Mannitol is widely used to reduce the intracranial pressure due to an increase in plasma osmolality. However, it has several side effects, including osmotic nephrosis and electrolyte imbalance [6]. The rapid infusion of mannitol can cause hyponatremia or hyperkalemia. Hyponatremia is mainly due to a transient dilution. During mannitol-induced hyperkalemia, intracellular K is thought to be released into the extracellular space due to an acute increase in plasma osmolality, rhabdomyolysis, hemolysis, and acidosis [1, 7]. In this case, preoperative renal function was normal and there were no findings of acidosis, rhabdomyolysis, or hemolysis. The frequency of mannitol-induced hyperkalemia is 7.7%, and the total dose of mannitol as well as its rate of infusion and decreased renal function may have a role in the development of mannitol-induced hyperkalemia [4]. We used a total dose of 40 g mannitol, which was within the recommended dose (0.25–1 g/kg) [8], and the infusion rate was 60 min, which was not rapid.

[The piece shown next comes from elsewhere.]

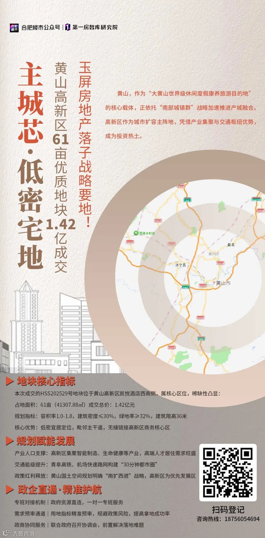 1.42亿落子!黄山高新区61亩低密宅地成交

In most cases, the ECG change—elevated T waves—was the primary finding. All cases of lethal arrhythmia reported thus far have been preceded by ECG change, including peaked T waves and a wide QRS complex [3–5]. However, no preceding ECG change was observed in our case, and transient peaked T waves appeared after recovery to sinus rhythm from VT. With regard to ECG changes in hyperkalemia, such as elevated T wave (tentative T wave), P wave decrease, prolonged PQ interval due to an increase in serum K value, QRS width extension, P wave disappearance and its further increase that leads to an unclear distinction between QRS and T waves, and heartbeats becoming standstill [9]. However, ECG without any finding consistent with hyperkalemia is noted in > 50% of patients with K > 6.5 mEq/L, and arrhythmia and cardiac arrest have been reported in patients with hyperkalemia without a preceding peak T wave [10, 11]. It is not clear why VT occurred in this case, but in addition to transient potassium elevation due to potassium permeability to cardiac membrane by myocardial ischemia [12] and mannitol, craniotomy itself may have influenced it.

Therefore, physicians should be aware that lethal arrhythmia can occur due to mannitol-induced hyperkalemia.

We present a case of VT without preceding ECG change after mannitol administration. Hyperkalemia should be confirmed regardless of the presence or absence of ECG abnormalities.